Set down the data below in full and exactly, minus the pictures.

THE DATA:
• • •

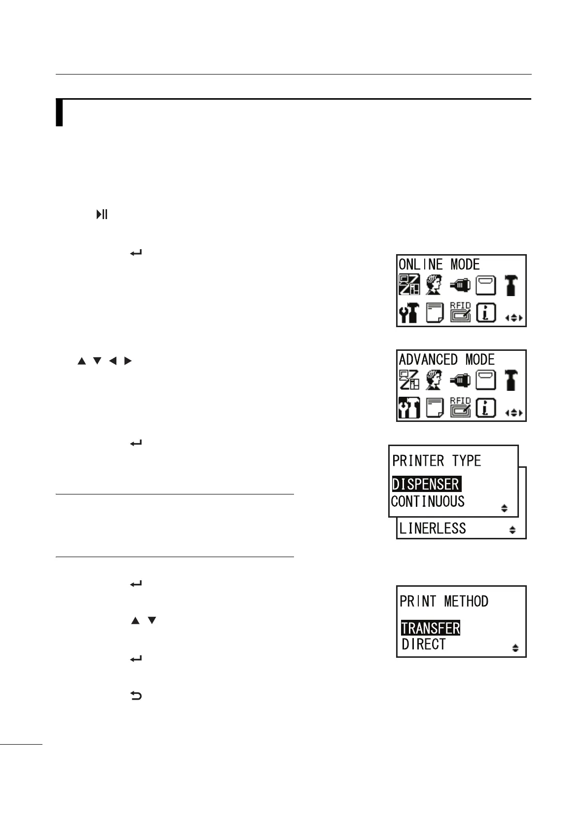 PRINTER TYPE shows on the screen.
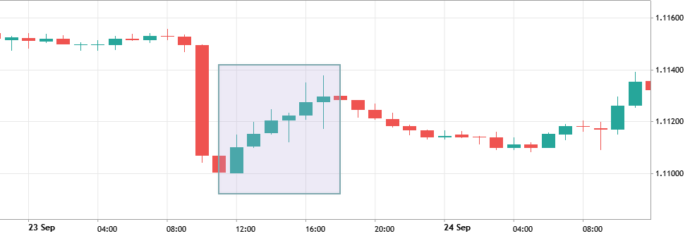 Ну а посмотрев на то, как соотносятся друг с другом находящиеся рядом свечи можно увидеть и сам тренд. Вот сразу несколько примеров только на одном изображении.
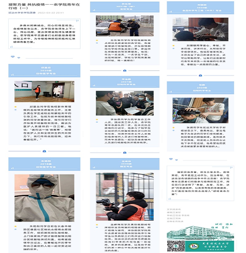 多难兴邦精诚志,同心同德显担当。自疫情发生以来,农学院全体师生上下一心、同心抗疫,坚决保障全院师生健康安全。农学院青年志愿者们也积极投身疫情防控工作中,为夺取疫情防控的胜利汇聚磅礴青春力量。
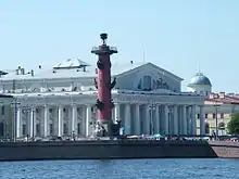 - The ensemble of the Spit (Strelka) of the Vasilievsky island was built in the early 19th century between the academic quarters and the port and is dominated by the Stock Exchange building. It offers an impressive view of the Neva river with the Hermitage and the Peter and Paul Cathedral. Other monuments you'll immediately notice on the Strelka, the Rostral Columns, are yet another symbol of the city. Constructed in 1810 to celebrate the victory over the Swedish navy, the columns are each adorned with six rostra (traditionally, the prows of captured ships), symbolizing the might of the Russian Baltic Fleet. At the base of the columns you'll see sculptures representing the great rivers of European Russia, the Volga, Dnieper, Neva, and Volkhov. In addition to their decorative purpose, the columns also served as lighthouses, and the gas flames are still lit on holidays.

• • •

RESPONSE TO THIS TASK:
 PRINTER TYPE shows on the screen.
 Ну а посмотрев на то, как соотносятся друг с другом находящиеся рядом свечи можно увидеть и сам тренд. Вот сразу несколько примеров только на одном изображении.
 多难兴邦精诚志,同心同德显担当。自疫情发生以来,农学院全体师生上下一心、同心抗疫,坚决保障全院师生健康安全。农学院青年志愿者们也积极投身疫情防控工作中,为夺取疫情防控的胜利汇聚磅礴青春力量。
 - The ensemble of the Spit (Strelka) of the Vasilievsky island was built in the early 19th century between the academic quarters and the port and is dominated by the Stock Exchange building. It offers an impressive view of the Neva river with the Hermitage and the Peter and Paul Cathedral. Other monuments you'll immediately notice on the Strelka, the Rostral Columns, are yet another symbol of the city. Constructed in 1810 to celebrate the victory over the Swedish navy, the columns are each adorned with six rostra (traditionally, the prows of captured ships), symbolizing the might of the Russian Baltic Fleet. At the base of the columns you'll see sculptures representing the great rivers of European Russia, the Volga, Dnieper, Neva, and Volkhov. In addition to their decorative purpose, the columns also served as lighthouses, and the gas flames are still lit on holidays.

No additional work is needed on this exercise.